# Garden?



## Fabner1

Are any women planting Gardens this year?


Old Fred


----------



## RIVER LADY

Of course, I do every year.


----------



## Fabner1

RIVER LADY said:


> Of course, I do every year.



Sweet Pea,

Any new and exciting things growing? I always plant lots of Heritage type things and lots of different zucchini type squash. I plant four different types of potatoes including Fingerling. My sweetie loves Swiss Chard and yellow wax beans.

Old Fred


----------



## RIVER LADY

Tomatoes, a variety of pepers, beans, snow peas and some acorn squash. I like to can tomatoes and make salsa. Love making salsa.

I used to plant a whole lot more. But, as I'm getting older the less I want to tend to it. I almost didn't put one in this year but, I did manage to get it done.


----------



## Fabner1

Sweet Pea,

Do you do the Acorn squash and brown sugar thing? I had two friends at work who loved to bake them with butter and Brown sugar.

We like Buttercup squash best for a late squash. My sweetie loves Yellow patty pans and yellow Zucchini. 

Oldun


----------



## RIVER LADY

Yes I do. But you also have to add chopped walnuts to that. Oh my is it yummy. 

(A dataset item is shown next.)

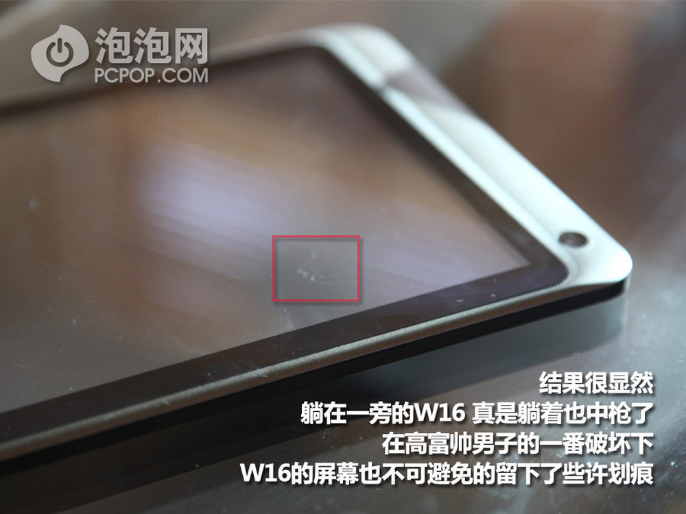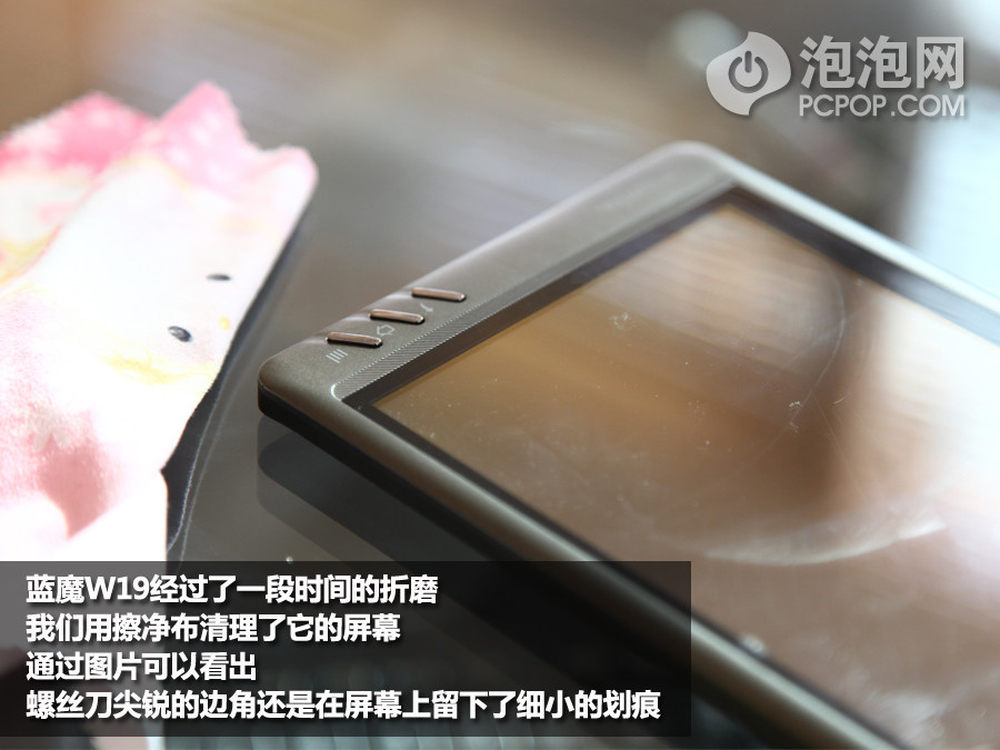 可以看到蓝魔W19的屏幕经受过洗礼后,屏幕出现了细小的划痕,看来不是金刚屏确实有差距啊!15/29

Now, the salsa I make is to die for.  One of my buddie's Dad brought me bushels of tomatoes, peppers and what not and begged me to make him salsa so he had some to take on his hunting trip. I graciously made it for him and they ate every last jar that I made in the week they were hunting. Talke about a colon cleanse.:lol:


----------



## Fabner1

Sweet Pea,

I bought one of those gadgets that makes spaghetti strands out of veggies. can't wait to try it out.

Oldun


----------



## RIVER LADY

Oh my, you are a simple man with simple pleasure. I knew it!! :lol:


----------



## Fabner1

RIVER LADY said:


> Oh my, you are a simple man with simple pleasure. I knew it!! :lol:



Sweet Pea,

I think that is the nicest thing anybody ever said about me!

Oldun


----------



## RIVER LADY

Fabner1 said:


> Sweet Pea,
> 
> I think that is the nicest thing anybody ever said about me!
> 
> Oldun


:lol::lol:


----------



## NancyJ

I just tilled my garden tonight. Sure seems nice being out there after this past winter. I love to garden and love giving fresh food to those who don't garden and also making salsa and jams. This year I planted beets for the first time. Also a large variety of peppers. My garden is late so I hope we don't get an early frost.


----------



## Fabner1

Nancy and Sweet Pea,

I have two vegetable gardens this year! In front of the old chicken house is about 30 x 70 and the big garden is about 70 x 100. I am growing a bunch of heirloom/heritage type seeds and had to put up electric fence on the big one to keep the deer and '***** out. The little one has a 6 foot poultry netting fence around it. I am growing one pole type bean called Turkey Craw. We had really good luck with them last year and they taste great.
http://www.azuredandelion.com/heirloom-turkey-craw-bean-seed-496.html

Good luck and have fun in the dirt.

Oldun


----------



## Fabner1

Are you two aware of this company:

http://www.gardensalive.com/default.asp

Their products are as environmentally friendly as possible and really work. I like the Bullseye!

Oldun


----------



## Fabner1

This place is trying to keep Heirloom beans alive in South Eastern Kentucky. They are expensive but have beans you can't get anywhere else.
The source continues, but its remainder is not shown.